Stored items
== == ==
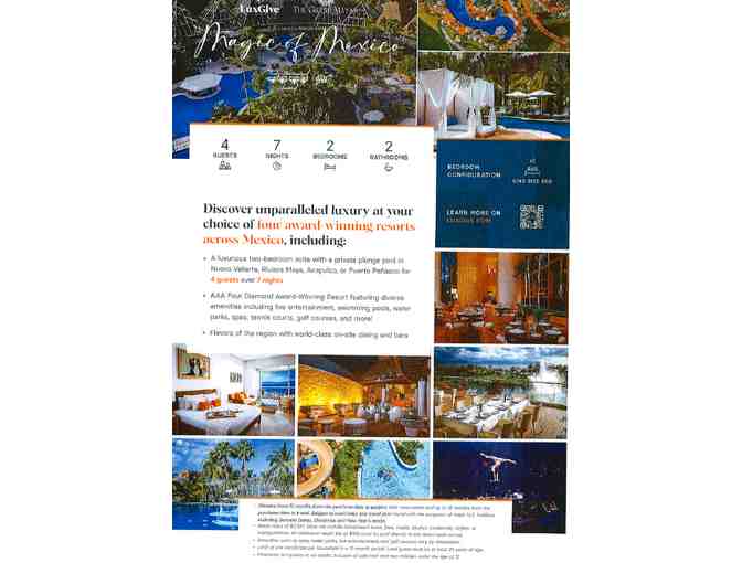 • A luxurious two-bedroom suite with a private plunge pool in Nuevo Vallarta, Riviera Maya, Acapulco, or Puerto Penasco for 4 guests over 7 nights
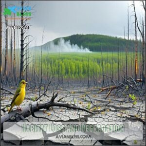 Urban sprawl, deforestation, and agriculture destroy nesting sites and food sources, leaving birds struggling to survive in shrinking, fragmented ecosystems, which is a result of habitat loss.
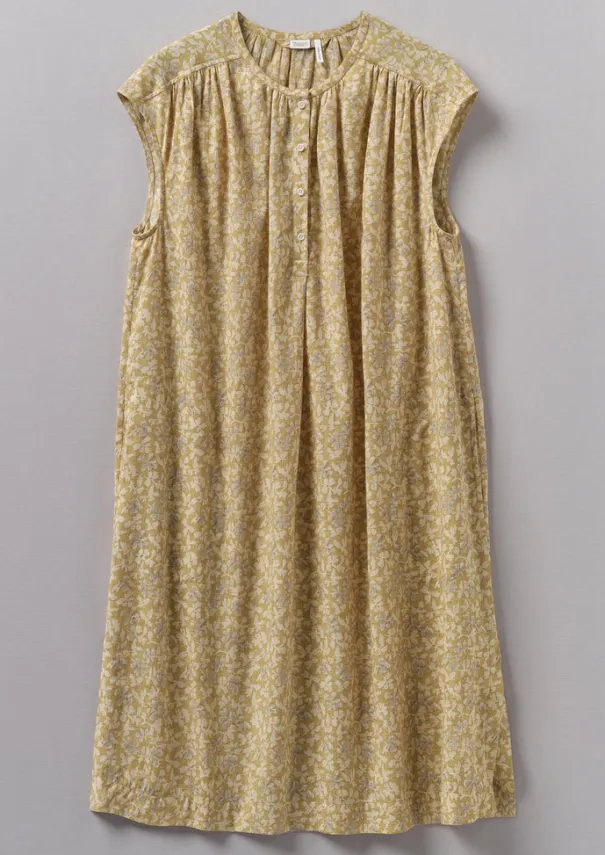A collage floral print blooms across our organic cotton nightdress. Shaped with gathers at the shoulders and neck, then finished with side pockets. Organic collage floral print cotton. Easy shape. Band collar. Gathered shoulders and neck. Side Pockets. Side hem slits. Half placket. Details Machine wash 40ºC gentle cycle. 100% cotton. Made in India.These cotton fibres have been grown in a chemical and pesticide free environment.This fabric has been screen printed by hand. Each piece is unique and colours and texture will vary. These irregularities are characteristic of this lovely print method and are not considered faults. Size & Fit Easy fit. Length: Upper calf. Sleeve: Cap. Studio model Nova is 5ft 9in/175cm tall and is wearing a size S.
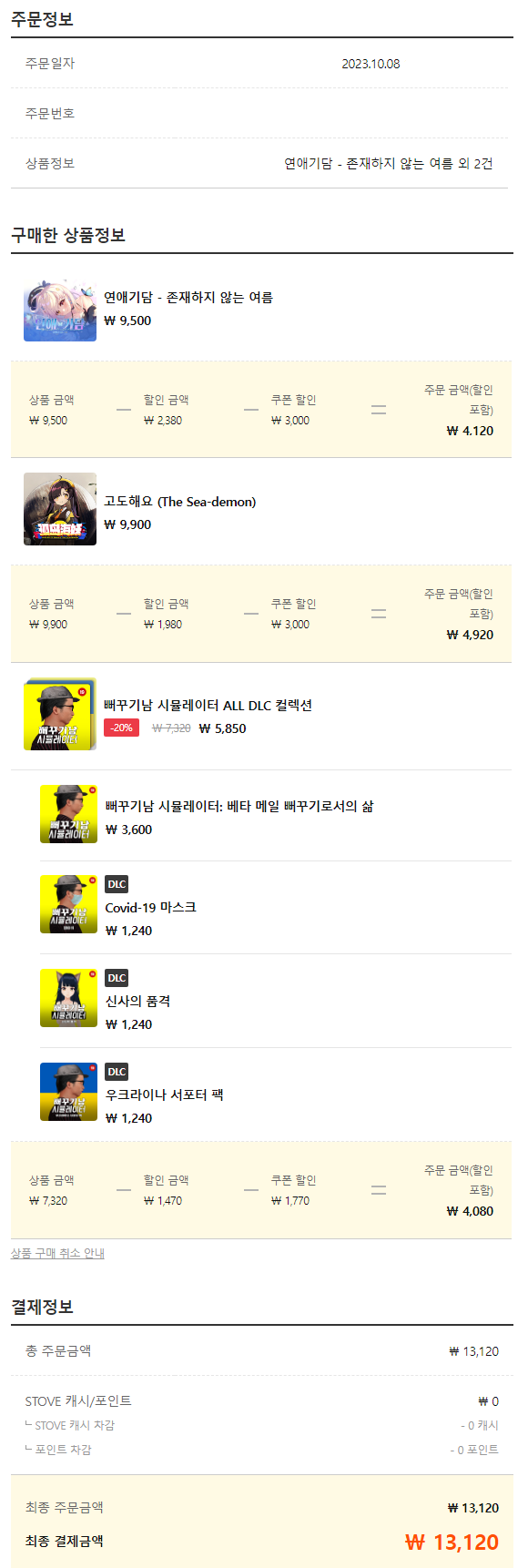 이번달 게임 구매에 큰 타격이 왔네요
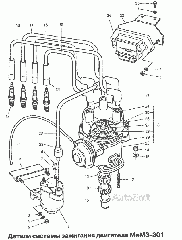 Деталі системи запалювання двигуна, свічки запалювання МеМЗ-301 » Електроустаткування з двигуном FAM I
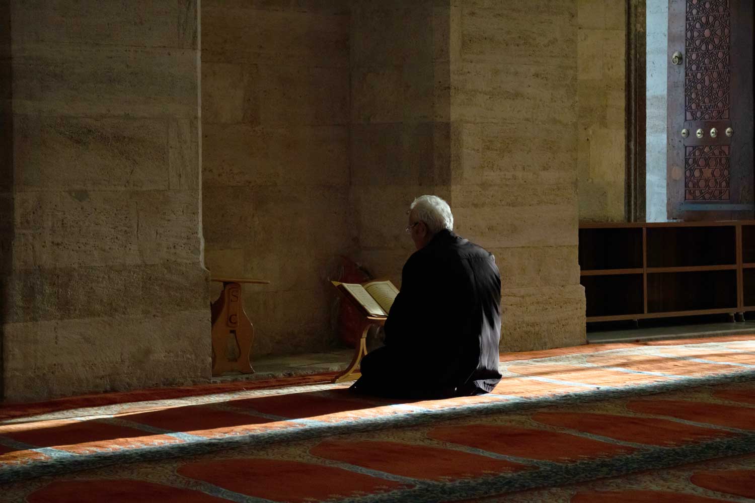 Musulmanis lasa Korānu mošejā Ramadāna laikā. Stambula, Turcija, 2017. gads.
== == ==
Task details: Once the pictures are set aside, write out the entries verbatim.

Expected answer:
 • A luxurious two-bedroom suite with a private plunge pool in Nuevo Vallarta, Riviera Maya, Acapulco, or Puerto Penasco for 4 guests over 7 nights
 Urban sprawl, deforestation, and agriculture destroy nesting sites and food sources, leaving birds struggling to survive in shrinking, fragmented ecosystems, which is a result of habitat loss.
A collage floral print blooms across our organic cotton nightdress. Shaped with gathers at the shoulders and neck, then finished with side pockets. Organic collage floral print cotton. Easy shape. Band collar. Gathered shoulders and neck. Side Pockets. Side hem slits. Half placket. Details Machine wash 40ºC gentle cycle. 100% cotton. Made in India.These cotton fibres have been grown in a chemical and pesticide free environment.This fabric has been screen printed by hand. Each piece is unique and colours and texture will vary. These irregularities are characteristic of this lovely print method and are not considered faults. Size & Fit Easy fit. Length: Upper calf. Sleeve: Cap. Studio model Nova is 5ft 9in/175cm tall and is wearing a size S.
 이번달 게임 구매에 큰 타격이 왔네요
 Деталі системи запалювання двигуна, свічки запалювання МеМЗ-301 » Електроустаткування з двигуном FAM I
 Musulmanis lasa Korānu mošejā Ramadāna laikā. Stambula, Turcija, 2017. gads.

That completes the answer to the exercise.